Today was one of those days for me, I knew it was time to get up but my body just didn't want to. Unfortunately for me on days like this my body usually wins because, well because the mind and spirit are willing but the flesh is weak. See in the world of chronic pain there are days when you literally can not get out of bed, not because you don't feel like it but because you aren't able. Sure, once I got sitting up I could have moved my legs over the edge of the bed (by grabbing my knees and MOVING my legs) bit would YOU want to walk around on sword tips while a thousand needles were jabbed in your legs? I didn't think so! Better to take another round of meds (now kept in my bedside table and not the bathroom for just such reasons) and wait for the pain to ease up.

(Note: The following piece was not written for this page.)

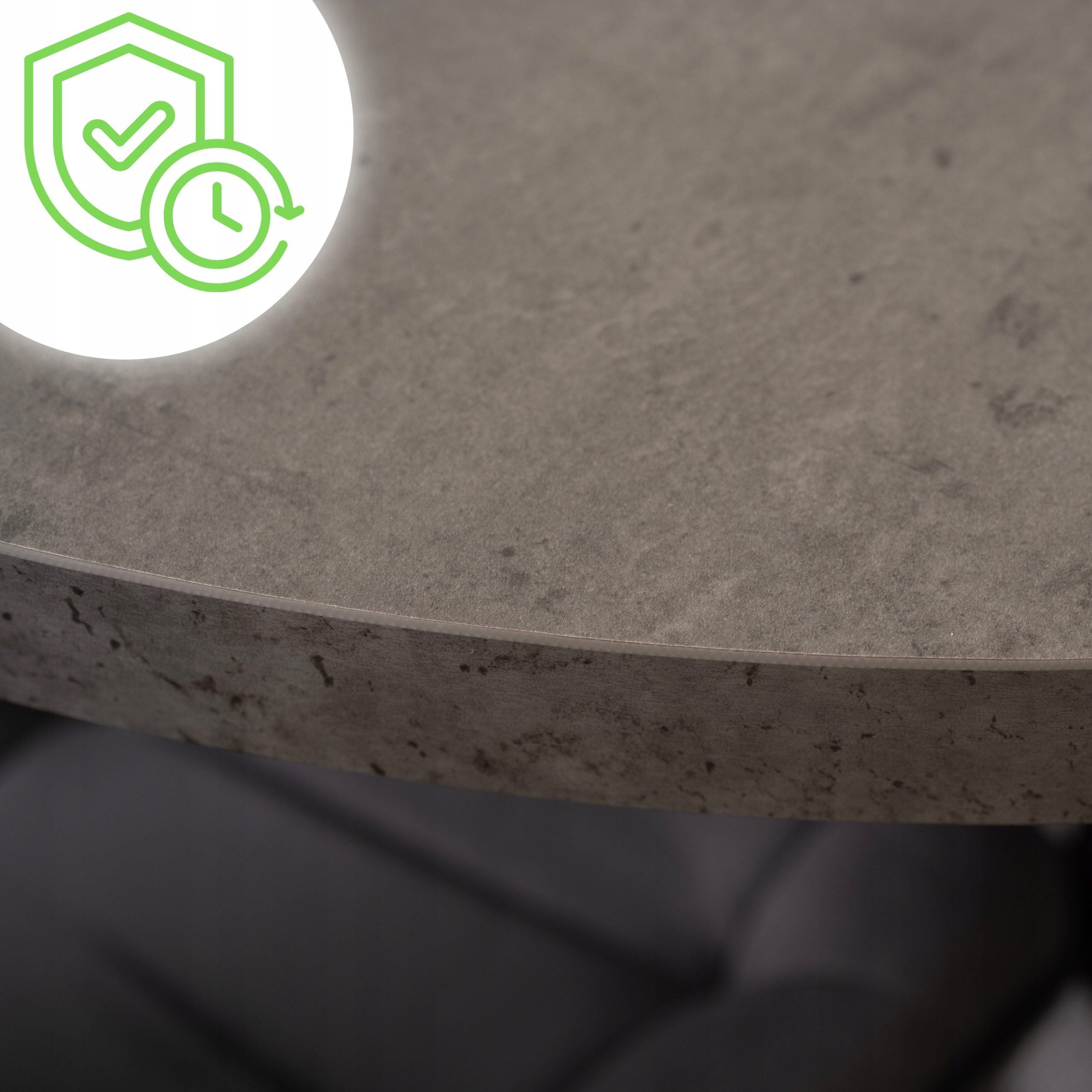 Blat stołu LUGO wykonany jest z płyty MDF pokrytej dekoracyjną warstwą imitującą beton architektoniczny, co zapewnia mu wyjątkowy wygląd i praktyczność w codziennym użytkowaniu.

So now we come to the question of what to do while 'relaxing in the comfort' of bed. One can choose to dwell on the pain, complain about the fact that if you take it easy on your legs it's makes your back hurt all the more, obsess about what you could/should/want to be doing or (and this is a BIG OR) you can use the time for more important things - positive things.

Instead of dwelling on the needles, pins and knives in my legs today I chose to spend my 'down' time praying and reading. Usually on days like this I read Job cause well he's my man. Satan took away all Job had in life - his children, his fortune and his health - and Job still chose to praise God through it all. Even when Mrs. Job yelled "Curse God and die" from the hovel they were living in up to the top of the trash heap Job was sitting on he refused to turn His back on God. Much as I love Job today I wanted something different so I started reading Psalms which I don't often do. I started with the First Psalm figuring I'd get to the Twenty-Third pretty fast but there is a lot of meat on those poetic bones! After an hour or more I got to the 22nd Psalm and there stopped to dwell.

"I am poured out like water,
And all my bones are out of joint;
My heart is like wax;
It has melted within me.
My strength is dried up like a potsherd,
My tongue clings to my jaws;
And you have brought me to the dust of death."
Well hello! If that didn't describe how I felt I don't know what could! Needless to say I went back to the beginning of the Psalm and REALLY read it. While this is one of the prophetic Psalms describing Messiah it is also a promise that I really need to hear sometimes. God hasn't forgotten me, He doesn't despise me, He hasn't turned His back on me or caused this to happen to me. He has ALLOWED it to happen, not MADE it happen and there is a difference.

God hears my prayers and He answers them! Sometimes I don't like the answers ('Lord, I want to feel better' meant I wanted to be like everyone else NOT be told I HAD to go on disability) but if we take time (like when we are stuck in bed) and are in the right frame of mind (dwelling on the things of Heaven and not the pain or what we can't do perhaps?) things come to light that were missed in the darkness of our personal gloom.

I got phone calls made AND got answers today because i took time to really explain what I wanted, how much I needed and what I needed it for. I prayed for people today that I haven't seen in years because I had the time to go down my Facebook friends list and do that. And perhaps most importantly I was reminded that there is no amount of physical pain that I suffer which Christ has not already felt and dealt with.
So, the next time I have a day that sees me spending more time in bed then I would like you know what I'll be doing - after I take my meds - I'll be going back to the Book, looking for more comfort and going over my list of friends and family praying for their comfort!

Sometimes I think it would be nice to spend a day in bed being lazy, eating bonbons and reading magazines but truthfully that's not how I'm made. So for now it's 'up and at'em' every chance I get and when my body decides otherwise, well I'll put my willing mind to good use while the weak body gets the rest it demands.